The most expensive sub-region - the Atlantic Seaboard - has seen average house price growth slow the most sharply off the highest base - from a revised multi-year high of 27.7% y/y in the final quarter of 2016 to 1.9% by the 2nd quarter of 2018. It now has the slowest price growth of all the regions in the metro.
The City Bowl has gone from its revised multi-year y/y growth high of 23.9% in the 2nd quarter of 2016 to 9.7% by the 2nd quarter of 2018.
The Southern Suburbs - also regarded as one of the three most expensive sub-regions in the city - saw further slowdown from 8.6% in the prior quarter to 7.4% in the 2nd quarter of 2018. This is after it reached a multi-year high of 15.9% in the 2nd quarter of 2015.

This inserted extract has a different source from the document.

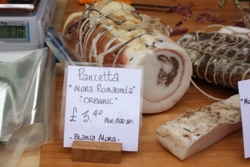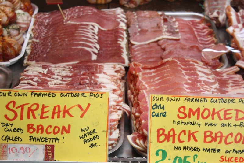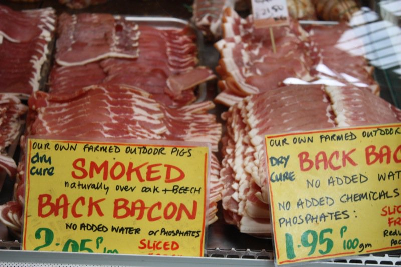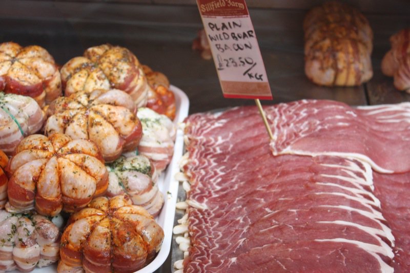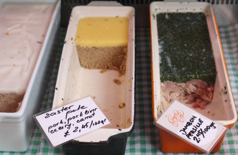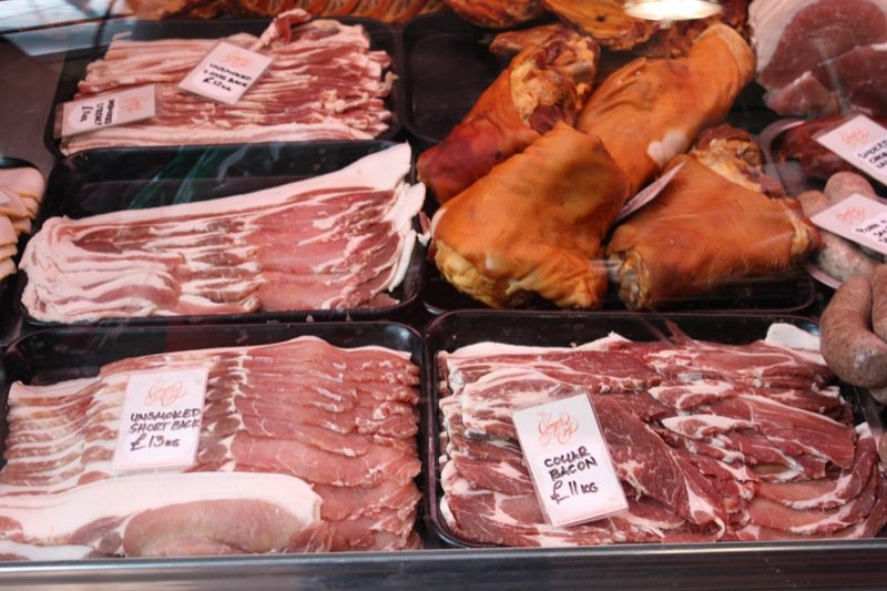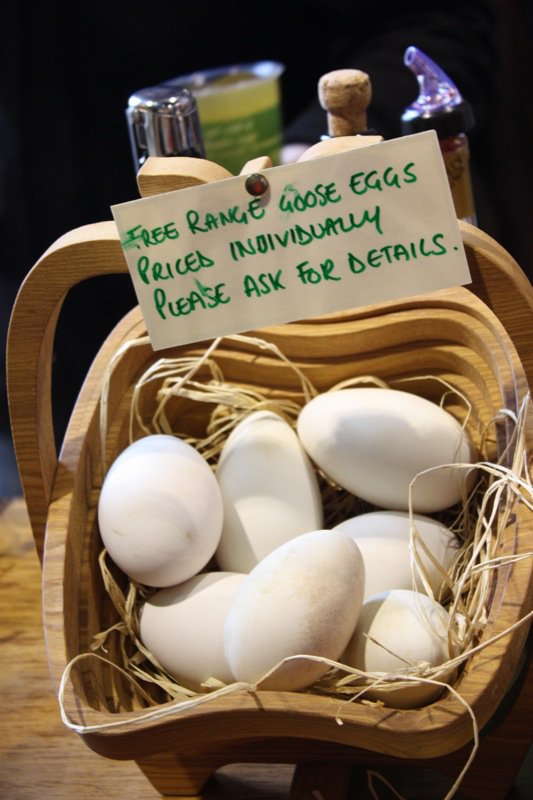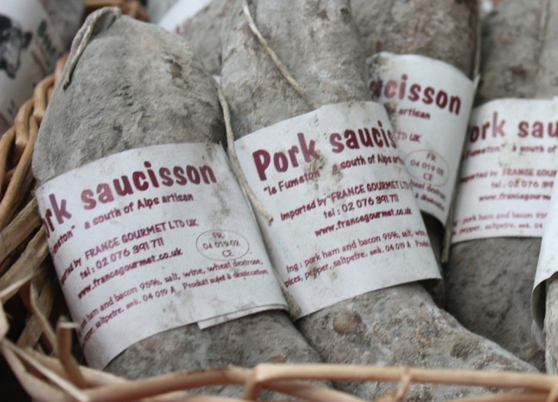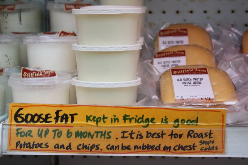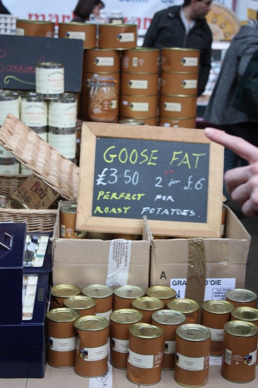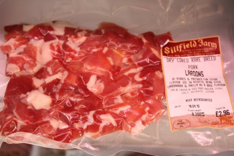 Dry cured rare breed pork lardons: what can I say? I wanted to buy it all. And, fresh goose fat, or at least, not canned.

The Western Seaboard sub-region (including Blouberg, Milnerton and Melkbosstrand) saw a slowing in y/y price growth - from 14.3% in the 3rd quarter of 2017 to 10.2% by the 2nd quarter of 2018.
The sub-region around Bellville and Parow in the northern suburbs saw price growth slow from 11.9% y/y in the final quarter of 2017 to 11.2% in the 2nd quarter of 2018.

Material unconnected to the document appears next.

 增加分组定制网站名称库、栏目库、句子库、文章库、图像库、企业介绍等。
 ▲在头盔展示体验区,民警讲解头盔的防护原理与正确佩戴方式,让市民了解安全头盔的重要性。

The Durbanville-Kraaifontein-Brackenfell sub-region also started to slow slightly, from 10.1% growth in the 1st quarter of 2018 to 9.9% in the 2nd quarter.
Loos believes the drought may have had some cooling impact on the Cape Town housing market, due to its negative impact on the Western Cape economy, but he does not see the recent rains in the Cape reversing the slowing down trend in the near-term.
"My view has always been that, with or without the drought, house price growth in Cape Town would cool off. It is unrealistic to expect house prices to continue growing at the pace they did," Loos told Fin24.
"It is about affordability. Ultimately house prices just become too expensive as it outgrows salaries and making even some 'aspirant migrants' think twice."
The FNB Estate Agent Survey shows that first time home buyers have battled to enter Cape Town’s housing market in recent years. The level of first time buying in the region (8.57%) is already significantly lower than in other metros in the country.
"This slowing may also be in part due to poor home affordability in Cape Town, with other major coastal regions in South Africa offering many more affordable alternatives for aspirant 'semi-grants' to the coast from inland regions such as Gauteng," said Loos.
"We remain of the opinion that Cape Town’s house price growth will continue to slow in the near term and move into a lengthy 'benign' period in line with the broader SA housing market, while incomes in the region gradually catch up with prices."